The Milk Carton Kids Create Celestial Harmonies & Countless Laughs at (MIM) Musical Instrument Museum (SHOW REVIEW)

“It’s nice they didn’t notice I stole this guitar,” said an in jest Haley Heynderickx two songs into her 30-minute opening set for The Milk Carton Kids at Phoenix’s Musical Instrument Museum (MIM) on Friday, August 27th.

Heynderickx probably echoed the thoughts of almost every musician that hits MIM on its tour route, where a “vault” of over 15,000 instruments has greeted everyone from Mick Fleetwood to Steve Hackett in recent years. While it might indeed be tempting to grab a Danelecto Longhorn out from the glass, the other main attraction of the suburban sprawl museum is the 300 capacity theater with impeccable acoustics.

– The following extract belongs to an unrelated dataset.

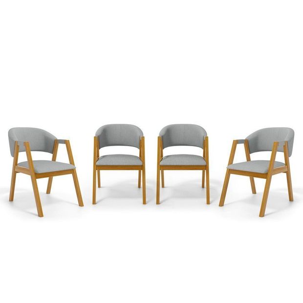 Kit Com 4 Cadeiras Leticia Madeira Maciça Estofada Para Mesa De jantar Linho Cinza 407 - Cadeiras Para Sala De Jantar Estofadas

Heynderickx was without her regular bandmates on this acoustic outing that shined with her warm vocals that are Joni Mitchell meets Lucy Dacus. Cozy, creative, candid, charming, and cultivated are some of the many congenial adjectives to describe Heynderickx’ music. But enough with C’s, as this Pacific Northwestern knows her way around many keys and eccentric song themes

Whether it’s about starting a garden or ripping off John Fahey “Sorry Fahey,” or the apparent “bug collector” – Heyndericks sings like a siren, yet boasts an indie rawness with a scintillating musical aroma of frankness and bittersweet rage.

Headliner The Milk Carton Kids had no need to banter about any historic instruments, as they had plenty of material both musically and comically. Joey Ryan and Kenneth Pattengale sing angelic harmonies yet at the drop of a key change, rib each other like competitive brothers. Once the jokes and jabs end, the duo astonishingly turns off the friskiness and land voice-first into bygone celestial harmonies: how about that for a segue?

Standing clean-shaven, draped in dapper suits, and facing each other with one mic, it’s too easy to drop comparisons towards The Everly Brothers and Simon & Garfunkel. Yet perhaps the aptest comparison for The Milk Carton kids would be Gillian Welch and David Rawlings, another recording duo that flawlessly hits the note. The Milk Carton Kids are from Los Angeles, but their sound and soul evokes years and places beyond their urban residencies and middle-age years.

Opening with the slightly transcendental opener “Younger Years,” Ryan & Pattengale made a chilling opening statement where they harmonized the chorus of “held out my arms,” while one played waltzing lead guitar (Pattengale), while the other (Ryan) strummed the rhythms reliantly and patiently. 

One of the duo’s earliest numbers “Broken Headlights” delivered another sepia-toned melancholy nostalgia that murdered with its euphonious chorus of “fast cars with their broken headlights/run the red lights in the canyon.” Soon to be followed the duo showcased another helping of ear candy with the tuneful “The Ash & Clay” that charmed with its minimalist grace.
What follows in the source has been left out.